[Task directions] Task for the records below: copy exactly from the first line on, stopping once the line with "SERIBUPARITNEWS.COM, TEMBILAHAN - Wujud" is copied, and leave out the pictures.

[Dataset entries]
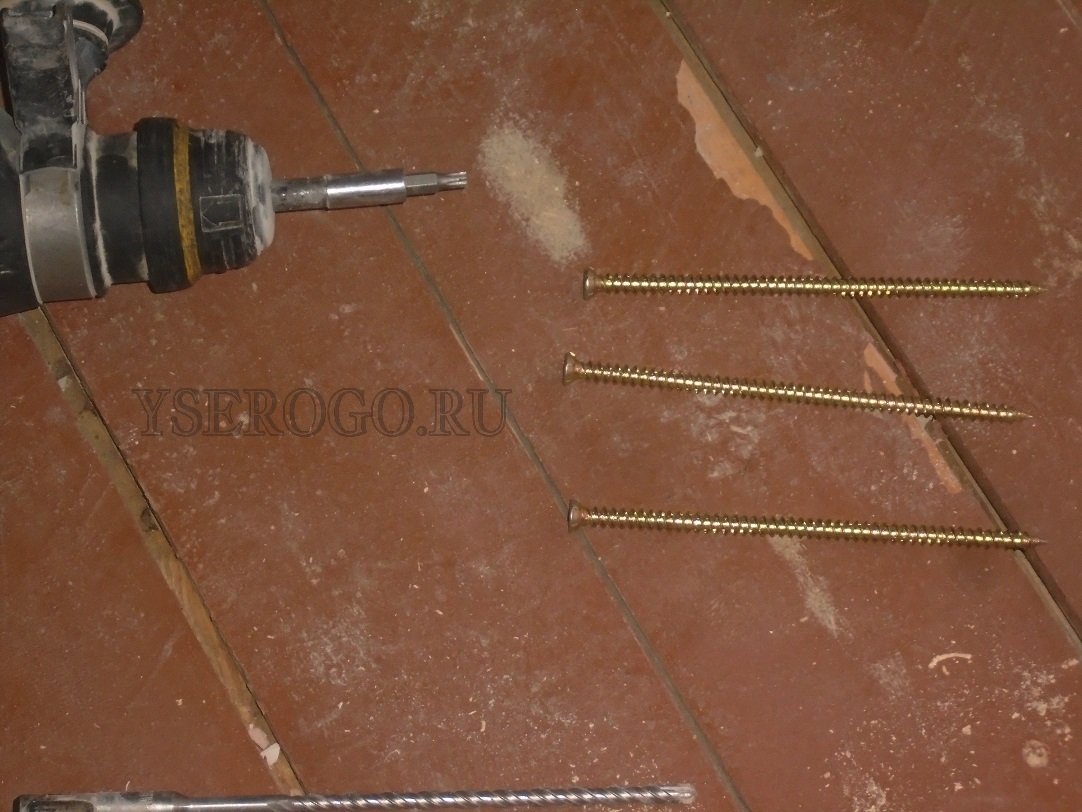 Длина этих саморезов должна быть равной длине от верхнего края чистового напольного покрытия до бетонного основания или немного больше.
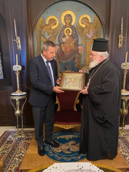 Σε ανάμνηση της επισκέψεως του Υπουργού, ο οποίος προ ετών ετιμήθη ως Δημότης Διδυμοτείχου, ο Σεβασμιώτατος προσέφερε εικόνα της Παναγίας της Βηθλεεμίτισσας ευχηθείς όπως το Άστρο της Βηθλεέμ οδηγεί και φωτίζει την ζωή του και την ευθυνοφόρο διακονία του, διά μεσιτείας της Υπερμάχου Στρατηγού. Στον Αρχηγό της ΕΛ.ΑΣ., επισκεπτόμενο για πρώτη φορά το Διδυμότειχο, ο Σεβασμιώτατος προσέφερε εικόνα του εκ Διδυμοτείχου καταγομένου Αγίου Ιωάννου Βατατζή, του ελεήμονος Βασιλέως.
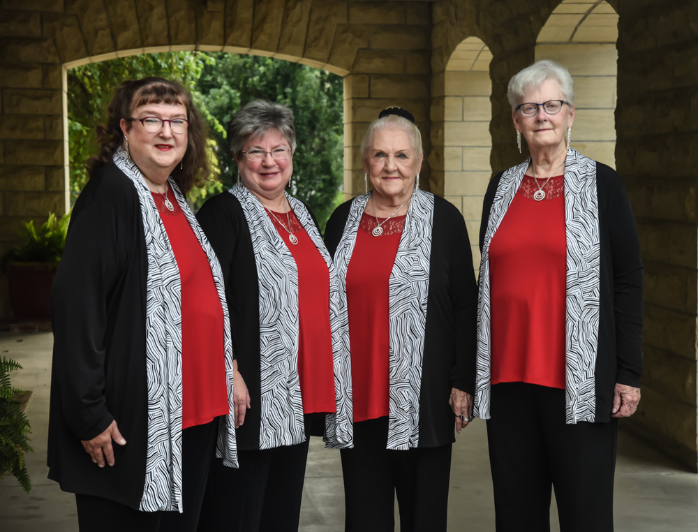 We are four women who love Barbershop music, we will sing for your event!We are in Topeka, Kansas, USA. Please call Lori Brickman at (785)233-9977 to book us!
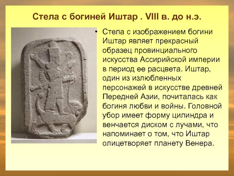 Слайд 20Стела с богиней Иштар . VIII в. до н.э.
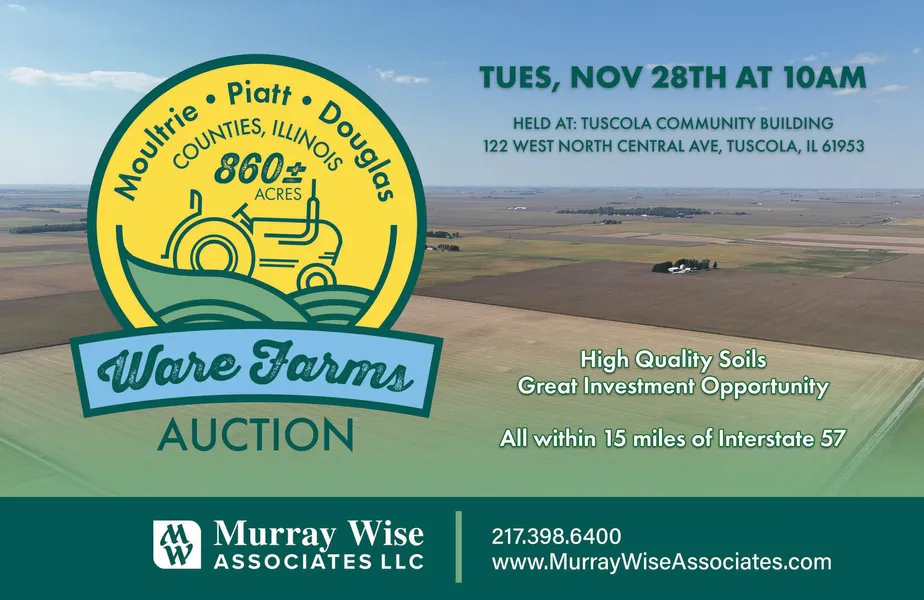 This High-Quality farmland located in central Illinois offers excellent soils. This is a rare investment opportunity to own a large amount of farmland acreage. The property contains 860.63 total acres and 823.75 FSA DCP Cropland Acres. This property is 95% tillable!
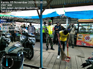 SERIBUPARITNEWS.COM, TEMBILAHAN - Wujud konsistensi Koramil 01/Tembilahan dalam memutus mata rantai penyebaran Covid -19 dan pencegahannya, Sertu Zulfahri melaksanakan pengawasan terpadu Kamis (05/11/2020)
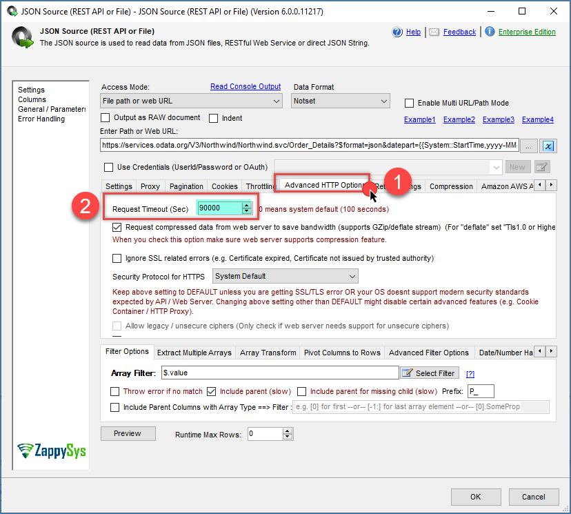 To effectively manage timeout errors in the ZappySys JSON/XML Component, consider fine-tuning the Timeout setting based on your specific needs. For instance, increasing the value to 90000 milliseconds can potentially mitigate timeout-related issues, providing a more robust and responsive system during data processing.Additionally, ensure that other relevant settings in the ZappySys Component are appropriately configured to optimize performance and prevent timeouts during data processing.
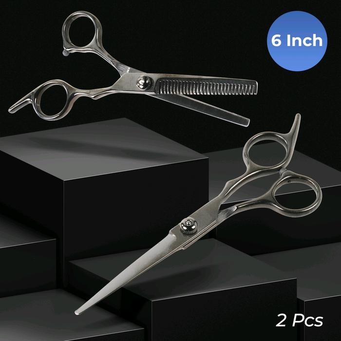 2 PCS Sepasang Gunting BLACK Sasak Potong Rambut Penipis Stainless 6 inc Barber Shop Pangkas Rambut
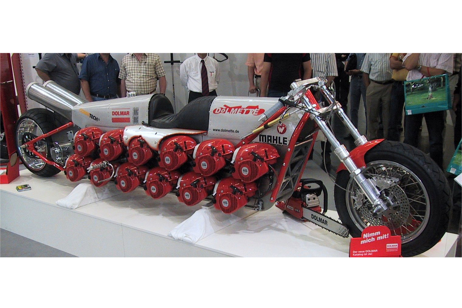 There might be the guts of 16 KH250s in the Whitelock Tinker Toy but the Dolmette uses no fewer than 24 separate engines. Each is a 78cc, two-stroke Dolmar chainsaw motor, linked together to a five-speed gearbox from a Harley-Davidson. Practicality is lacking, particularly since each of the motors needs to be individually pull-started… Oh, and for all that noise and effort it’s still only making around 170bhp from 1.9 litres.
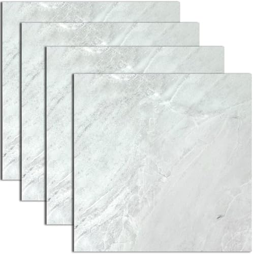 大理石風のフロアタイル。厚手3mmで45.7*45.7cmのサイズ、接着剤不要で簡単施工。吸着タイプ、カット可能で賃貸OK。防水・難燃・遮音機能あり。9畳対応で床暖房にも適応。
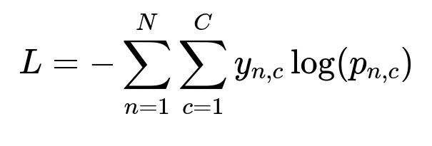 Where y_{n,c} is 1 if sample n belongs to class c, otherwise 0. p_{n,c} is the predicted probability for class c.
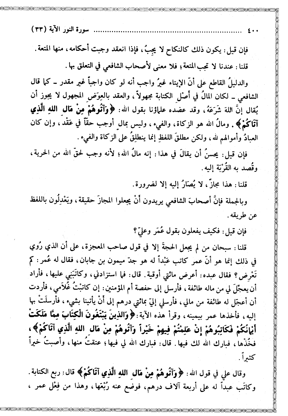 وَالدَّلِيلُ الْقَاطِعُ عَلَى أَنَّ الْإِيتَاءَ غَيْرُ وَاجِبٍ أَنَّهُ لَوْ كَانَ وَاجِبًا غَيْرَ مُقَدَّرٍ كَمَا قَالَ الشَّافِعِيُّ لَكَانَ الْمَالُ فِي أَصْلِ الْكِتَابَةِ مَجْهُولًا، وَالْعَقْدُ بِالْعِوَضِ الْمَجْهُولِ لَا يَجُوزُ أَنْ يُقَالَ إنَّ اللَّهَ شَرَعَهُ، وَقَدْ عَضَّدَهُ عُلَمَاؤُنَا بِقَوْلِ اللَّهِ: {وَآتُوهُمْ مِنْ مَالِ اللَّهِ الَّذِي آتَاكُمْ} [النور: 33]. وَمَالُ اللَّهِ هُوَ الزَّكَاةُ، وَالْفَيْءُ، وَلَيْسَ بِمَالٍ أَوْجَبَ حَقًّا فِي عَقْدٍ، وَإِنْ كَانَ الْعِبَادُ وَأَمْوَالُهُمْ لِلَّهِ، وَلَكِنَّ مُطْلَقَ اللَّفْظِ إنَّمَا يَنْطَلِقُ عَلَى الزَّكَاةِ وَالْفَيْءِ.
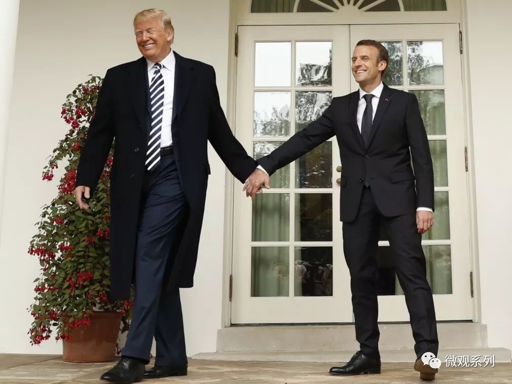 当时马克龙访问白宫,在媒体镜头前两人亲如穿同一条开裆裤长大的兄弟,还一起手牵手一步两步三步游白宫
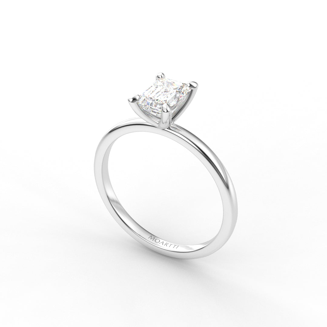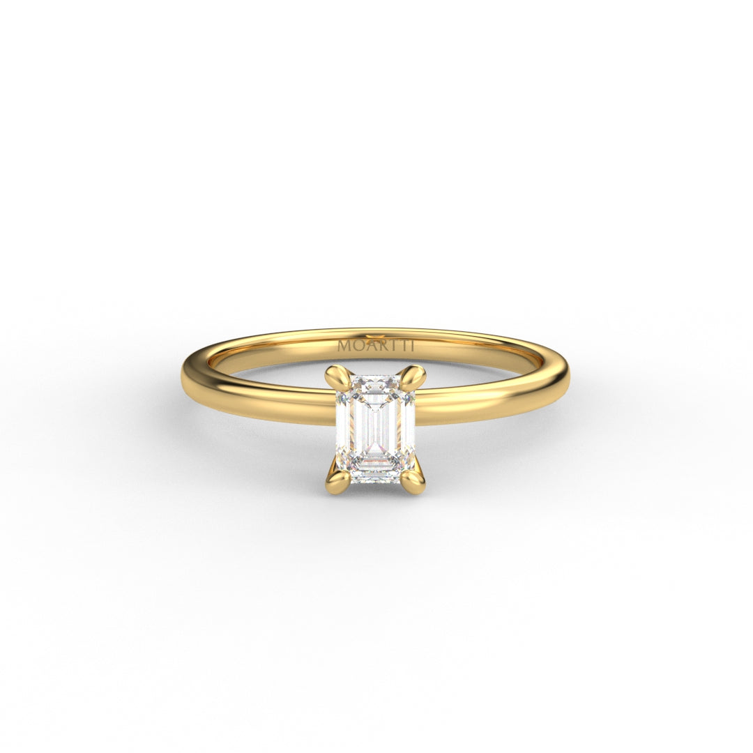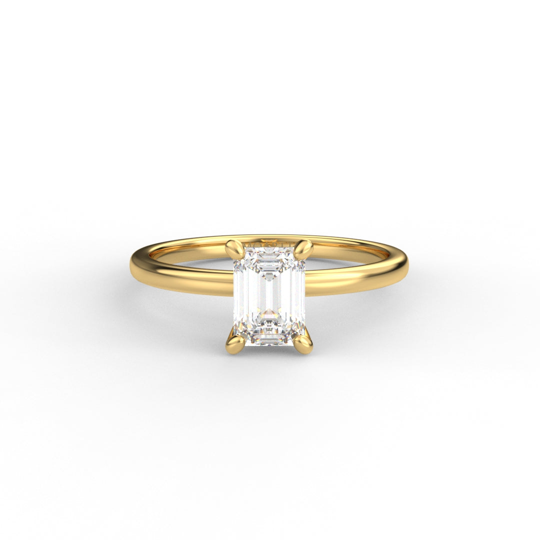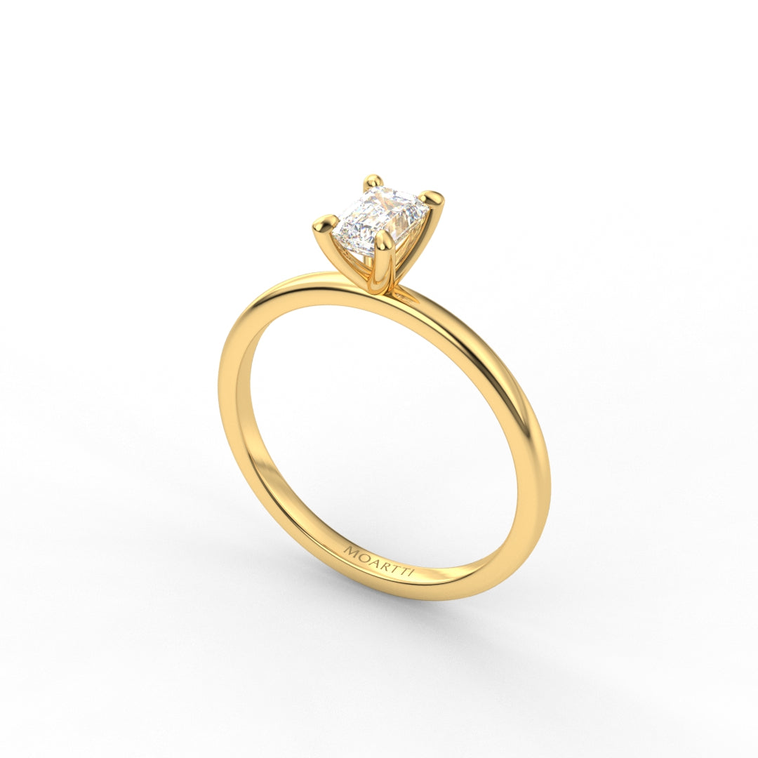18K Gold Emerald Cut Diamond Solitaire Engagement Ring 4-Prong
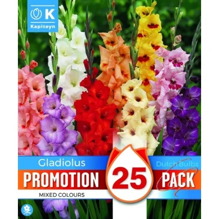 Gladiolus Mixed Colours X25 12/14 is a vibrant bulbous perennial, ideal for gardeners looking to add height and colour to borders, beds, and containers.

[Written answer]
 Длина этих саморезов должна быть равной длине от верхнего края чистового напольного покрытия до бетонного основания или немного больше.
 Σε ανάμνηση της επισκέψεως του Υπουργού, ο οποίος προ ετών ετιμήθη ως Δημότης Διδυμοτείχου, ο Σεβασμιώτατος προσέφερε εικόνα της Παναγίας της Βηθλεεμίτισσας ευχηθείς όπως το Άστρο της Βηθλεέμ οδηγεί και φωτίζει την ζωή του και την ευθυνοφόρο διακονία του, διά μεσιτείας της Υπερμάχου Στρατηγού. Στον Αρχηγό της ΕΛ.ΑΣ., επισκεπτόμενο για πρώτη φορά το Διδυμότειχο, ο Σεβασμιώτατος προσέφερε εικόνα του εκ Διδυμοτείχου καταγομένου Αγίου Ιωάννου Βατατζή, του ελεήμονος Βασιλέως.
 We are four women who love Barbershop music, we will sing for your event!We are in Topeka, Kansas, USA. Please call Lori Brickman at (785)233-9977 to book us!
 Слайд 20Стела с богиней Иштар . VIII в. до н.э.
 This High-Quality farmland located in central Illinois offers excellent soils. This is a rare investment opportunity to own a large amount of farmland acreage. The property contains 860.63 total acres and 823.75 FSA DCP Cropland Acres. This property is 95% tillable!
 SERIBUPARITNEWS.COM, TEMBILAHAN - Wujud konsistensi Koramil 01/Tembilahan dalam memutus mata rantai penyebaran Covid -19 dan pencegahannya, Sertu Zulfahri melaksanakan pengawasan terpadu Kamis (05/11/2020)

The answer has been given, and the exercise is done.